In the front-page story those two reporters produced, you could practically slice with a dull knife American military frustration over a war going terribly wrong, over an enemy (shades of Vietnam!) with "sanctuaries" for rest, recuperation, and rearming just over an ill-marked, half-existent border. You could practically taste the chagrin of the military that their war against... well you name it: terrorists, guerrillas, former Islamic fundamentalist allies, Afghan and Pakistani nationalists, and god knows who else... wasn't proceeding exactly swimmingly. You could practically reach out and be seared by their anger at the Pakistanis for continuing to take American bucks by the billions while playing their own game, rather than an American one, in the region.

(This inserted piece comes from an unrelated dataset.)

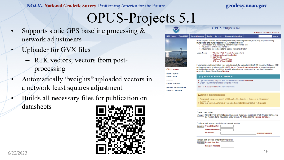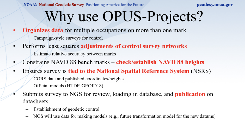 Another presentation titled “OPUS-Projects for Manager’s Training – Transitioning from Instructor-Led to Online, Self-Paced Instruction” by Erika Little, described how NGS is transitioning to providing OPUS projects training on an online, self-paced instruction site. NGS has training material available for OPUS-Projects.

If you were of a certain age, you could practically feel (shades of Vietnam again!) that eerily hopeful sense that the next step in spreading the war, the next escalation, could be the decisive one. Admittedly, these days no one talks (as they did in the Vietnam and Iraq years) about turning "corners" or reaching "tipping points," but you can practically hear those phrases anyway, or at least the mingled hope and desperation that always lurked behind them.
Take this sentence, for instance: "Even with the risks, military commanders say that using American Special Operations troops could bring an intelligence windfall, if militants were captured, brought back across the border into Afghanistan and interrogated." Can't you catch the familiar conviction that, when things are going badly, the answer is never "less," always "more," that just another decisive step or two and you'll be around that fateful corner?

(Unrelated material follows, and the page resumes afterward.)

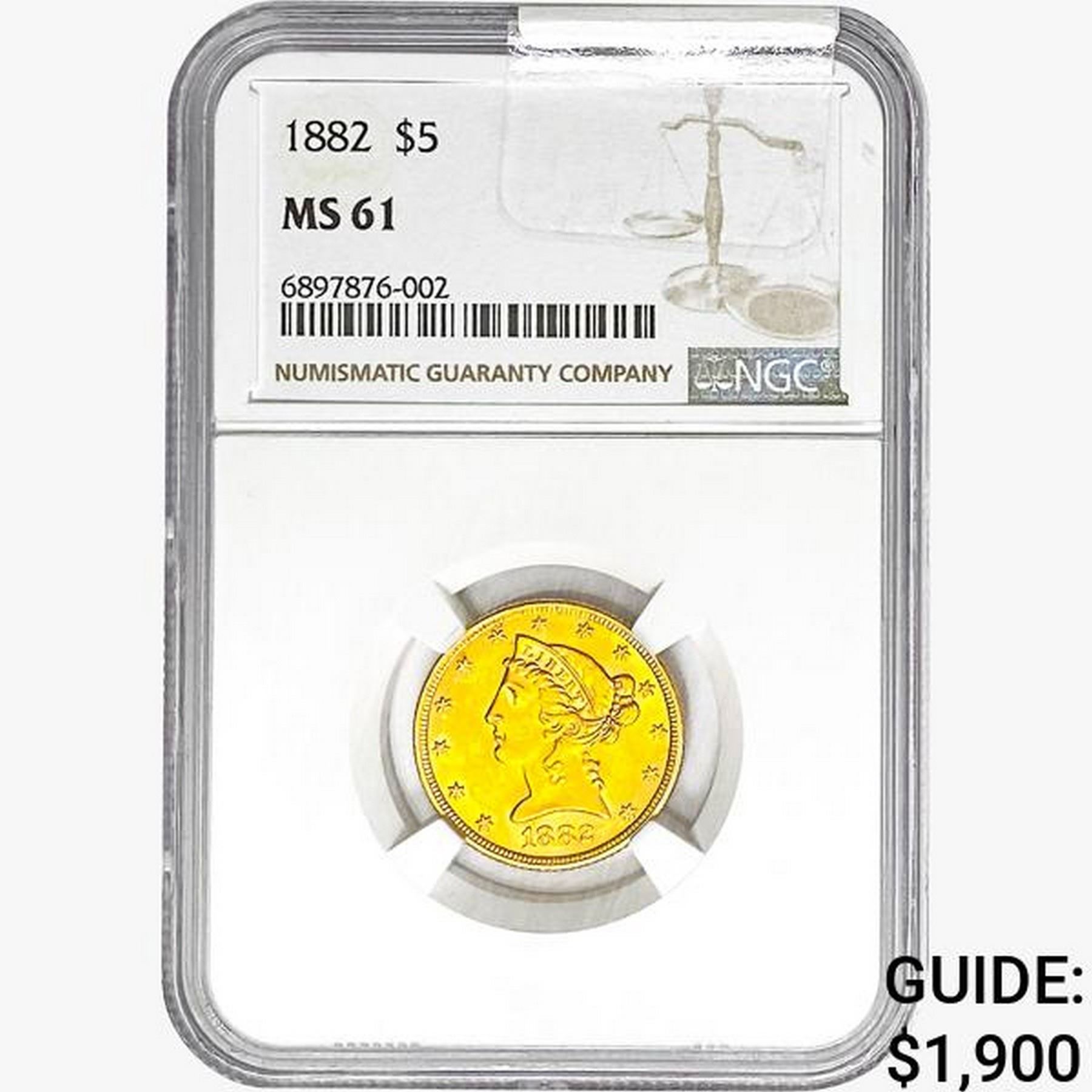 1882 $5 Gold Half Eagle NGC MS61

In this single New York Times piece (and other hints about cross-border operations), you can sense just how addictive war is for the war planners. Once you begin down the path of invasion and occupation, turning back is as difficult as an addict going cold turkey. With all the sober talk about year-end reviews in Afghanistan, about planning and "progress" (a word used nine times in the relatively brief, vetted "overview" of that review recently released by the White House), about future dates for drawdowns and present tactics, it's easy to forget that war is a drug. When you're high on it, your decisions undoubtedly look as rational, even practical, as the public language you tend to use to describe them. But don't believe it for a second.
Once you've shot up this drug, your thinking is impaired. Through its dream-haze, unpleasant history becomes bunk; what others couldn't do, you fantasize that you can. Forget the fact that crossing similar borders to get similar information and wipe out similar sanctuaries in Cambodia and Laos in the Vietnam War years led to catastrophe for American planners and the peoples of the region. It only widened that war into what in Cambodia would become auto-genocide. Forget the fact that, no matter whom American raiders might capture, they have no hope of capturing the feeling of nationalism (or the tribal equivalent) that, in the face of foreign invaders or a foreign occupation, keeps the under-armed resilient against the mightiest of forces.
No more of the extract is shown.